Overseas Shareholders

The information contained herein is not for release, distribution or publication, directly or indirectly, in or into the United States, Australia, Canada, Japan, New Zealand or any other Restricted Jurisdiction where applicable laws prohibit its release, distribution or publication.

The release, publication or distribution of this Announcement in, into or from jurisdictions other than the UK may be restricted by law and therefore any persons who are subject to the law of any jurisdiction other than the UK should inform themselves of, and observe, any applicable legal or regulatory requirements. Any failure to comply with such requirements may constitute a violation of the securities laws of any such jurisdiction. To the fullest extent permitted by applicable law, the companies and persons involved in the Combination disclaim any responsibility or liability for the violation of such restrictions by any person. This Announcement has been prepared in accordance with and for the purpose of complying with English law, the Takeover Code, the Market Abuse Regulation, the UK Listing Rules and the Disclosure Guidance and Transparency Rules and the information disclosed may not be the same as that which would have been disclosed if this Announcement had been prepared in accordance with the laws of jurisdictions outside England.

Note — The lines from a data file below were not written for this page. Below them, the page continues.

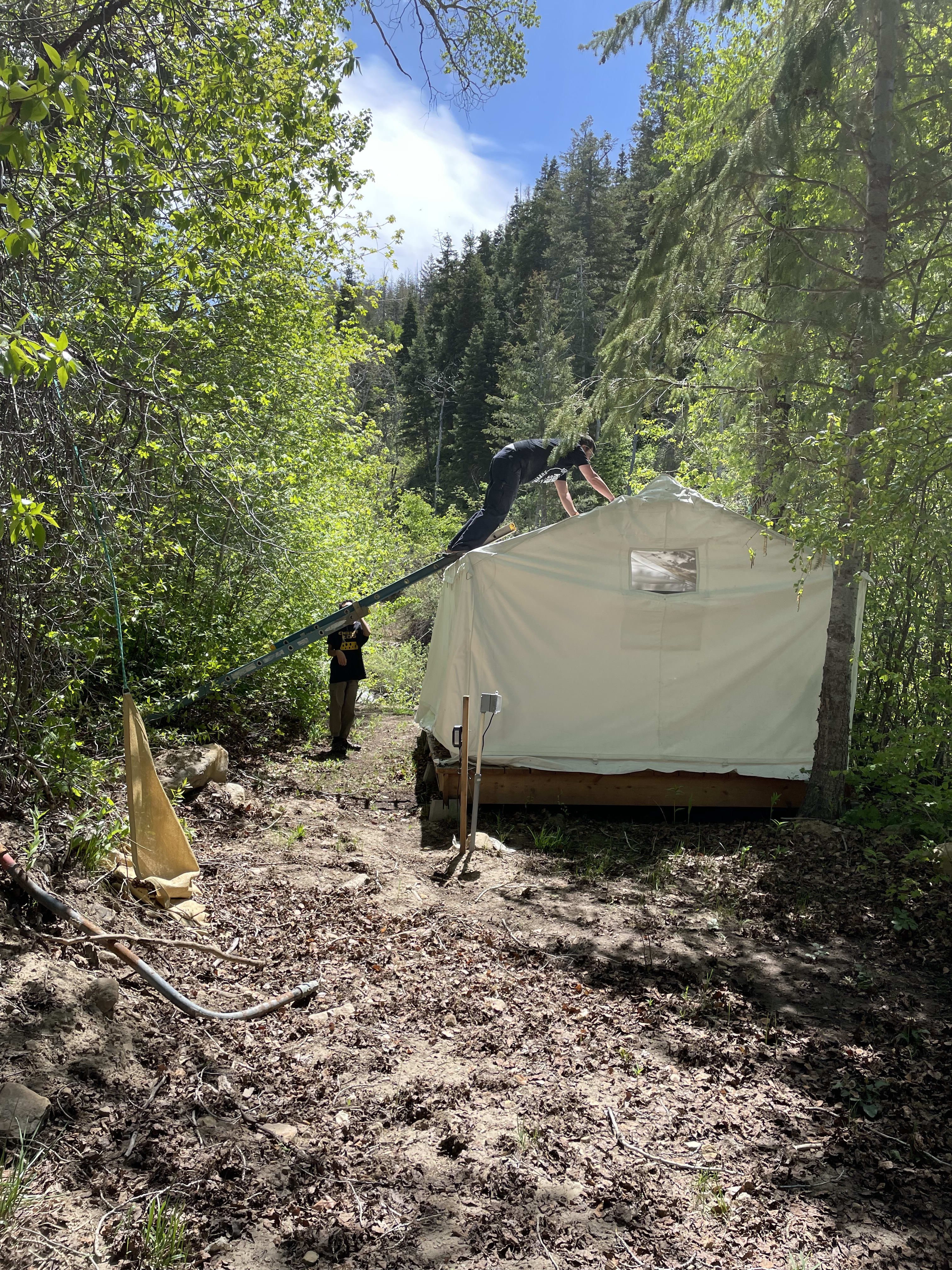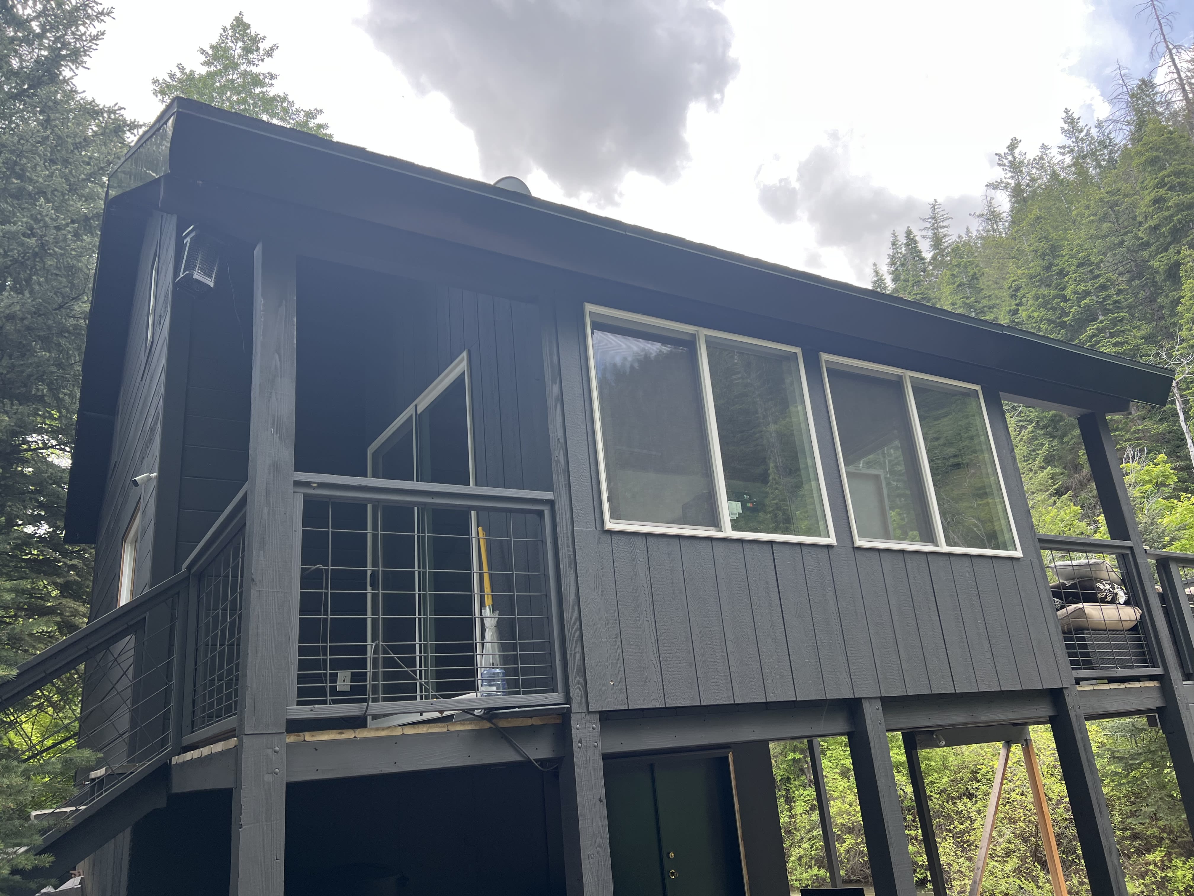 Jared and the boys went back to SLC to finish the school semester and work. I stayed at the cabin supervising contractors cleaning the property, building a new bunkhouse, and for the installation of the soffits. As you know, I am dieting and I am mean when I don't eat. It serves me very well when dealing with men (contractors).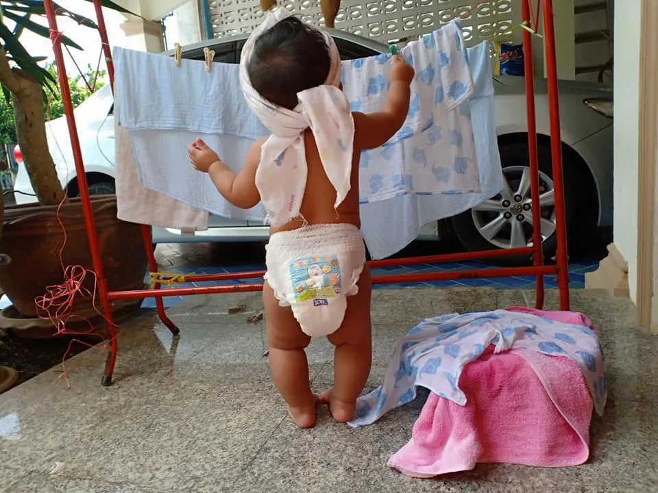 ภาพนี้คุณแม่ก็ถ่ายมาเล่นๆขำๆเพื่อความสนุกสนานนั่นเอง เห็นแล้วก็น่ารักน่าเอ็นดูเสียจริงๆ ขยันทำงานบ้านด้วยตนเองตั้งแต่ยังใส่แพมเพิสซะด้วย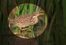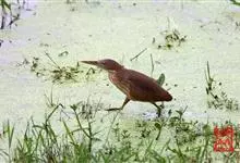 紫背苇鳽是鹭科、苇鳽属动物,为涉禽,体长约33厘米。头顶黑色,后头至尾上覆羽暗栗褐色;翅上覆羽橄榄黄色;下体浅棕黄色。多生活于水库和山脚边的稻田、芦苇丛、滩涂及沼泽草地,在西藏见于海拔2300米的农田,…全部>>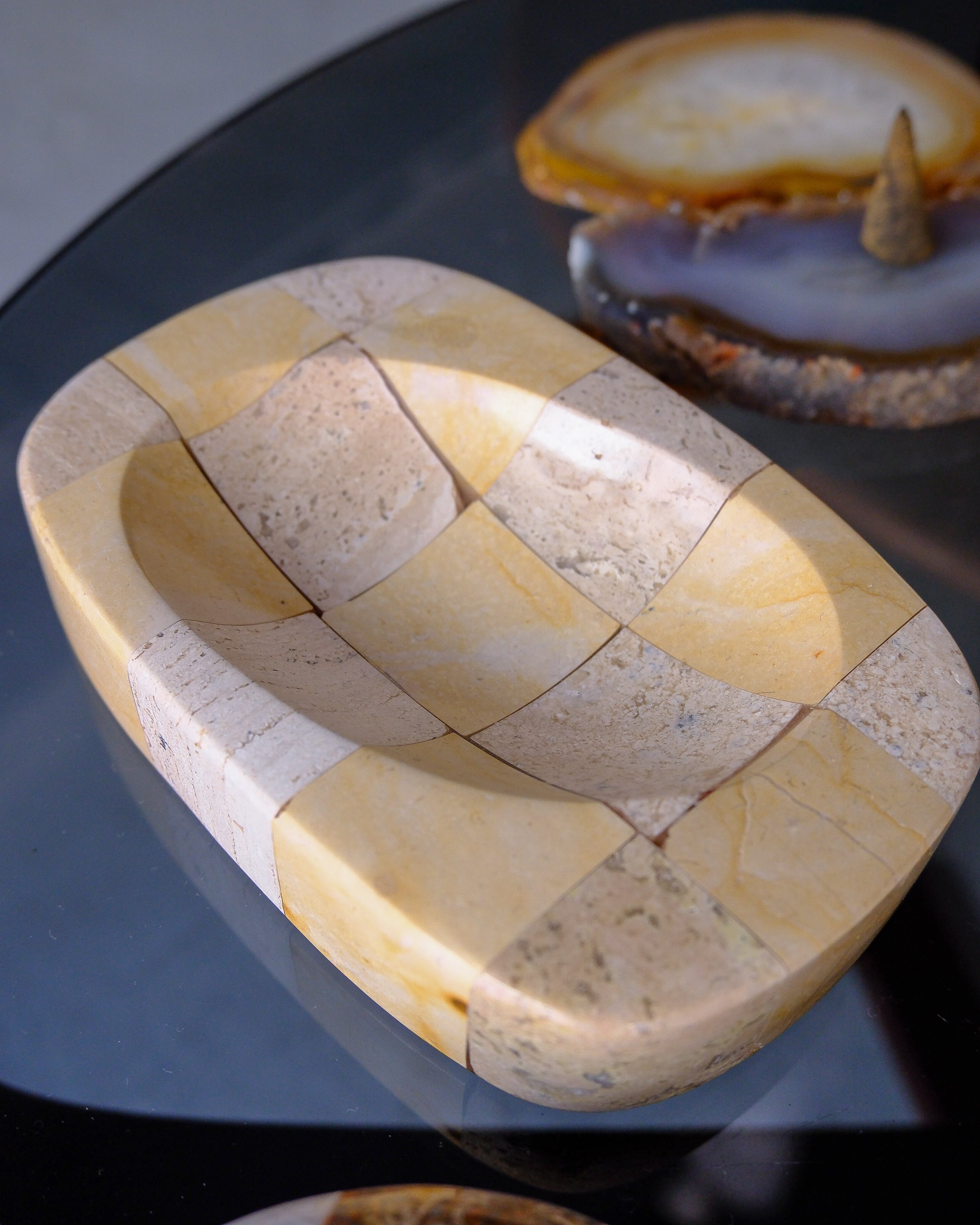 お香立てとして、アクセサリートレイとしてもマルチに活躍する灰皿は天然素材によりそれぞれ模様の異なる一点物です。重厚感のある作りでギフトにも喜ばれています。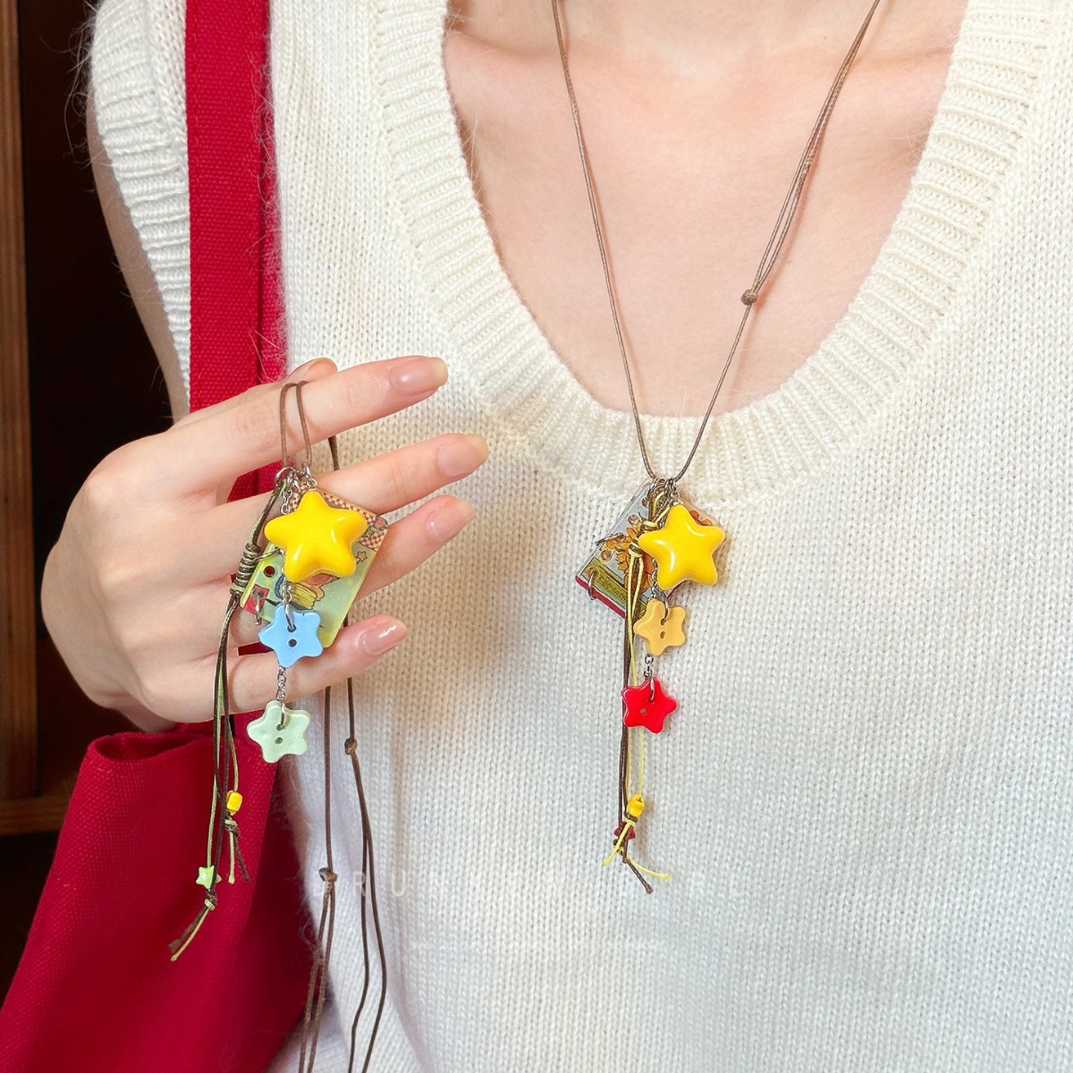 Childlike Contrast Color Star Necklace Women's Cute Cartoon Niche Sweater Chain Long Leather Rope Halter Sweater Chain Accessories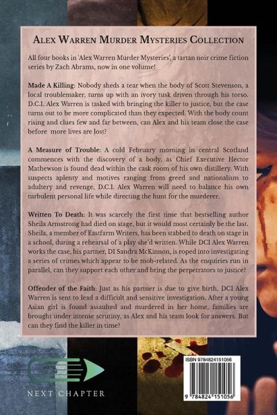 All four books in 'Alex Warren Murder Mysteries', a tartan noir crime fiction series by Zach Abrams, now in one volume! Made A Killing: Nobody sheds a tear when the body of Scott Stevenson, a local troublemaker, turns up with an ivory tusk driven through his torso. D.C.I. Alex Warren is tasked with bringing the killer to justice, but the case turns out to be more complicated than they expected. With the body count rising and clues few and far between, can Alex and his team close the case before more lives are lost? A Measure of Trouble: A cold February morning in central Scotland commences with the discovery of a body, as Chief Executive Hector Mathewson is found dead within the cask room of his own distillery. With suspects aplenty and motives ranging from greed and nationalism to adultery and revenge, D.C.I. Alex Warren will need to balance his own turbulent personal life while directing the hunt for the murderer. Written To Death: It was scarcely the first time that bestselling author Sheila Armstrong had died on stage, but it would most certainly be the last. Sheila, a member of Eastfarm Writers, has been stabbed to death on stage in a school, during a rehearsal of a play she'd written. While DCI Alex Warren works the case, his partner, DI Sandra McKinnon, is roped into investigating a series of crimes which appear to be mob-related. As the enquiries run in parallel, can they support each other and bring the perpetrators to justice? Offender of the Faith: Just as his partner is due to give birth, DCI Alex Warren is sent to lead a difficult and sensitive investigation. After a young Asian girl is found assaulted and murdered in her home, families are brought under intense scrutiny, as Alex and his team look for answers. But can they find the killer in time?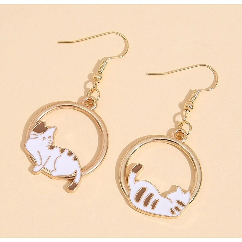 Highlights [Fabric]: These charming drop earrings are crafted from a durable alloy material that promises both comfort and longevity, making them ideal for daily wear. The gold-toned finish adds a touch of elegance and sophistication to the playful design. [Fit]: Designed with a lightweight construction, these earrings ensure comfort throughout the day. The drop style enhances their charming swing, making them both playful and trendy. [Design Highlights]: Featuring a whimsical cat and moon theme, these earrings showcase a geometric shape with a circular gold-toned frame. Inside the frame, a cute cat design is crafted in enamel, featuring white and brown accents. The dangling hook style adds an elegant sway with every movement, capturing a fun and sophisticated look that is sure to stand out. [Occasions]: Perfect for a variety of settings, from casual street outings to special dates or birthdays. These earrings make an excellent gift choice for cat lovers and fashion enthusiasts, adding a playful touch to any ensemble and suitable for festivals or as a charming everyday accessory. [Size Notice]: One size fits all, designed for women's wear. The drop style is versatile and complements various face shapes and hairstyles, enhancing your overall look with ease.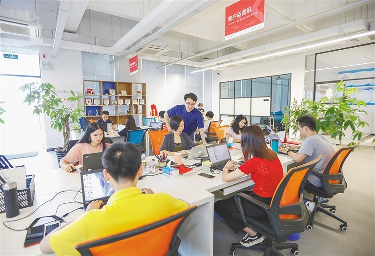 7月18日17时许,在位于海南自由贸易港海南生态软件园沃克公园8857号楼的椰云网络科技有限公司内,年轻的工作人员正在各自的工位上忙碌着。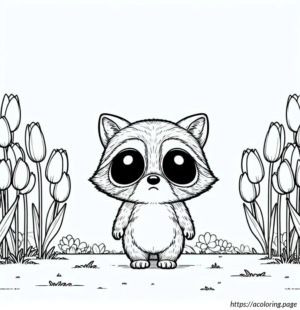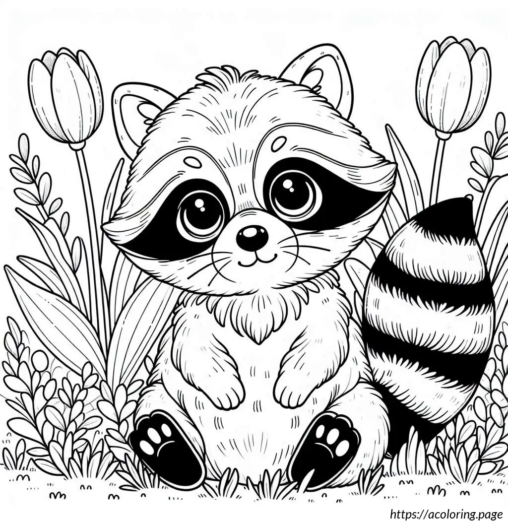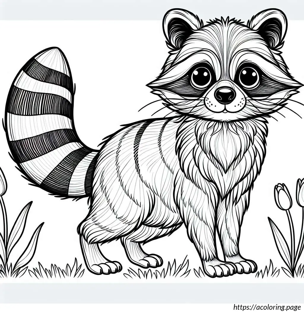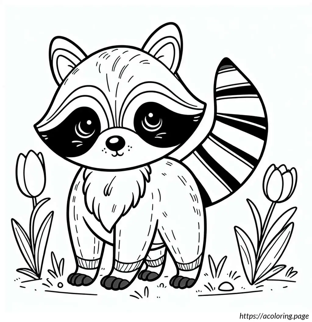This image features a cartoon-style drawing of a raccoon. The raccoon is facing left and has a large head with pronounced ears, big round eyes, and a dotted nose. Its body is stout, and it has a long, striped tail. The raccoon is placed in a simple setting that includes grass at the bottom and three tulip-like flowers to the right. The overall style of the drawing is simplistic and appears to be a line art, suitable for coloring activities.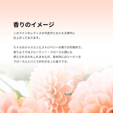 ラストはシダーウッド、バニラ、アンバーなどが、穏やかなスウィートで全体をまとめ上げて、たおやかなレディス・センシュアリティーをアピールしてくれそうです。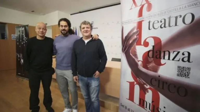 El director de la Feria de Artes Escénicas y Culturales de Castilla–La Mancha, Antonio Campos; el director y músico de “Vive Moliere”, Yayo Cáceres y el directivo de la Asociación Nacional de Empresas Distribuidoras y Gestoras de Artes Escénicas (ADGAE), Nacho Vilar, productor y distribuidor de “Tenorio”, han presentado esta obra, que hoy estará en el Teatro Circo, conmemorando al universal dramaturgo francés, a pocos días de su estreno en el teatro “La Abadía”.
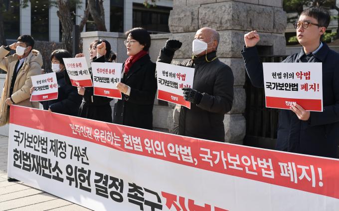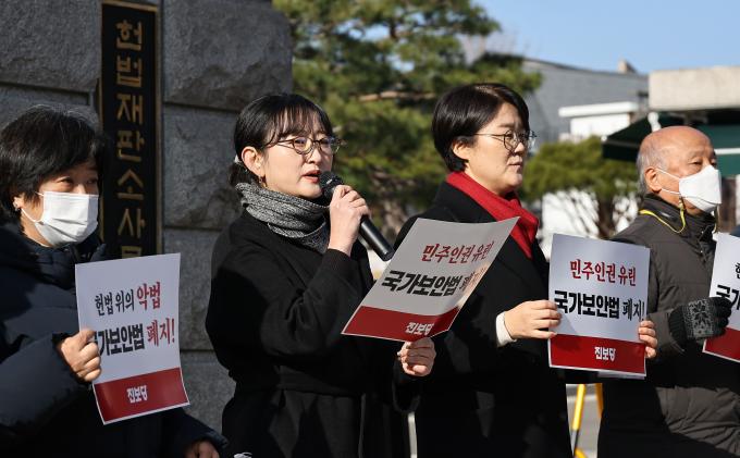 국가보안법 제정 74년을 맞이한 1일 오전 진보당 윤희숙 상임대표가 서울 종로구 헌법재판소 앞에서 국가보안법 위헌 결정을 촉구하는 기자회견을 열었다.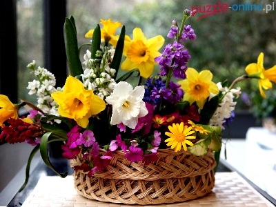 Koszyk, Podkładka, Bukiet, Kwiatów, Pleciona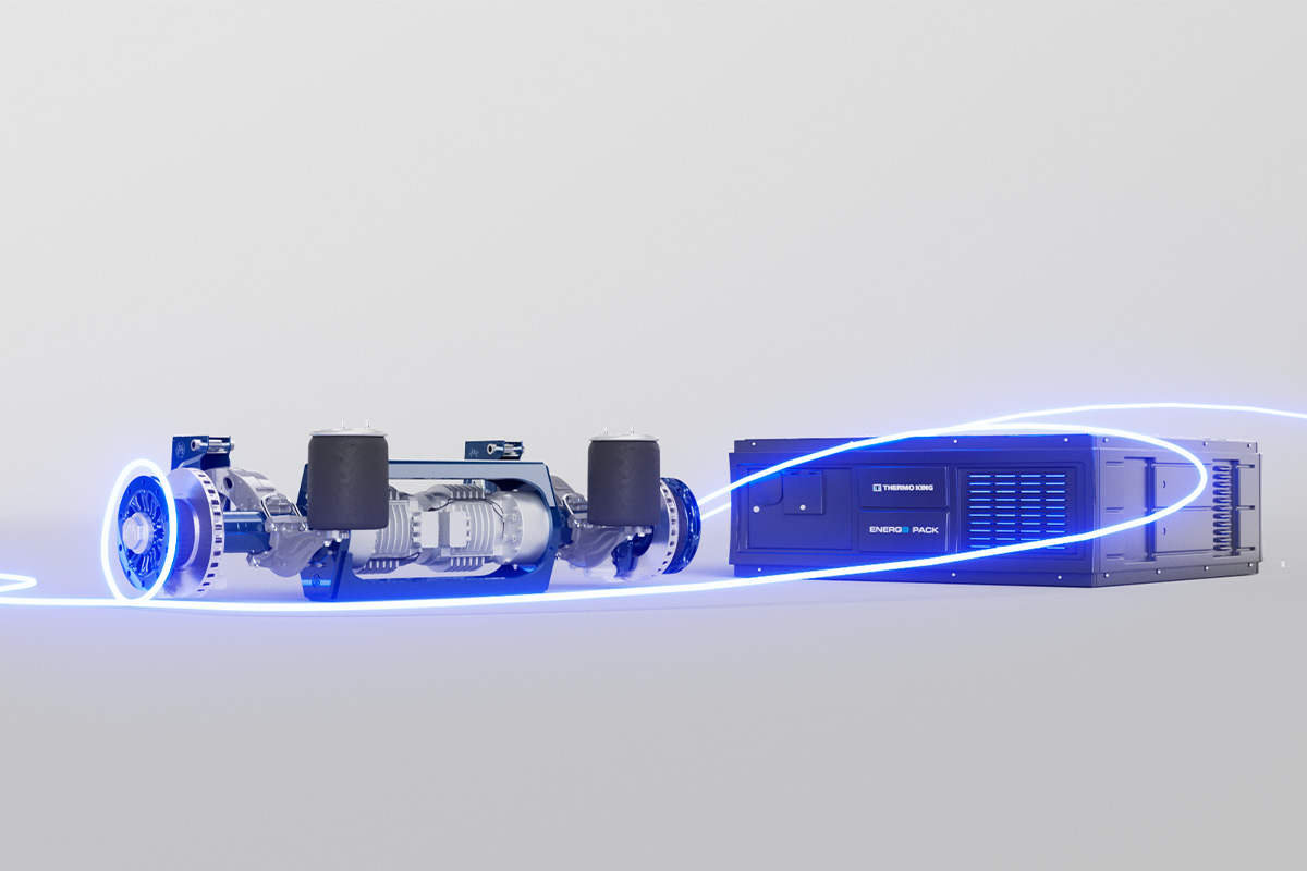 As an enhancement to unit electrification, tapping into innovative power sources—such as AxlePower—extends the range of your fleet. AxlePower is a trailer solution that combines an ePower axle with Thermo King’s Energ-e Pack and Smart Power Management. The system recovers energy from driving and braking, storing it in the Energ-e Pack battery to power the refrigeration unit. No emissions, and no charging stops are necessary in many cases.

The information contained in this Announcement constitutes factual information as contemplated in section 1(3)(a) of the FAIS Act and should not be construed as express or implied advice (as that term is used in the FAIS Act and/or the Financial Markets Act) that any particular transaction described in this Announcement is appropriate to the particular investment objectives, financial situations or needs of a shareholder, and nothing in this Announcement should be construed as constituting the canvassing for, or marketing or advertising of, financial services in South Africa.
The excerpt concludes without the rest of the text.